**What is required**
Output must consist only of the lines of the material below from the one with "Hesketh, Dean D." through the one with "A vibrant and", each reproduced exactly; no pictures belong in it.

**Dataset content**
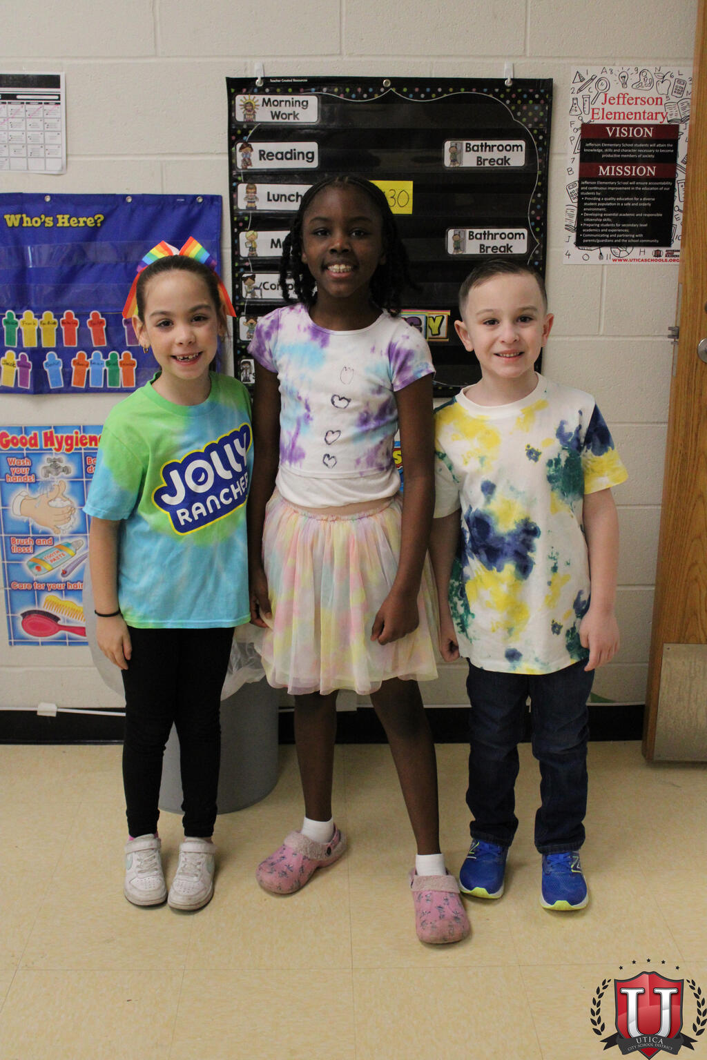 On Monday, March 16, Jefferson Elementary celebrated Tie-Dye Day! From classic spiral patterns to bold rainbow designs, our hallways burst with creativity and vibrant colors. Students and staff had fun showing off their tie-dye style. It was a fantastic day filled with school spirit and joy!
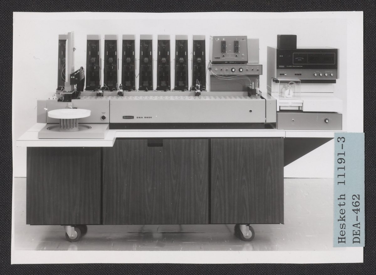 Hesketh, Dean D. “Beckman DSA 560E Discrete Sample Analyzer,” circa 1968. Beckman Historical Collection, Box 86. Science History Institute. Philadelphia. https://digital.sciencehistory.org/works/jw827c059.
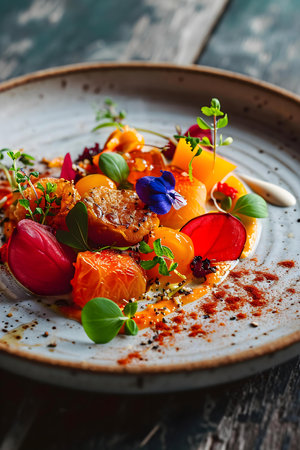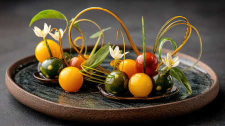 A vibrant and artistic culinary creation showcases seasonal vegetables, fresh fruits, and delicate garnishes arranged beautifully on a dark plate.
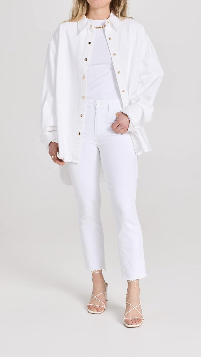 PAIGE’s petites collection features our favorite styles specially contoured to fit and flatter a smaller frame. Catering to women 5’ 4″ and under, our denim has been proportionally rescaled with a 2″ shorter inseam and higher knee and mid-thigh placements. From top to bottom, we’ve rethought and redesigned our bestsellers for our petite customer who’s looking for the same great fit. This high-rise perfectly straight leg comes in crisp white with a raw hem and is crafted from comfort stretch denim with plenty of coverage and the perfect amount of stretch.

**Your solution**
 Hesketh, Dean D. “Beckman DSA 560E Discrete Sample Analyzer,” circa 1968. Beckman Historical Collection, Box 86. Science History Institute. Philadelphia. https://digital.sciencehistory.org/works/jw827c059.
 A vibrant and artistic culinary creation showcases seasonal vegetables, fresh fruits, and delicate garnishes arranged beautifully on a dark plate.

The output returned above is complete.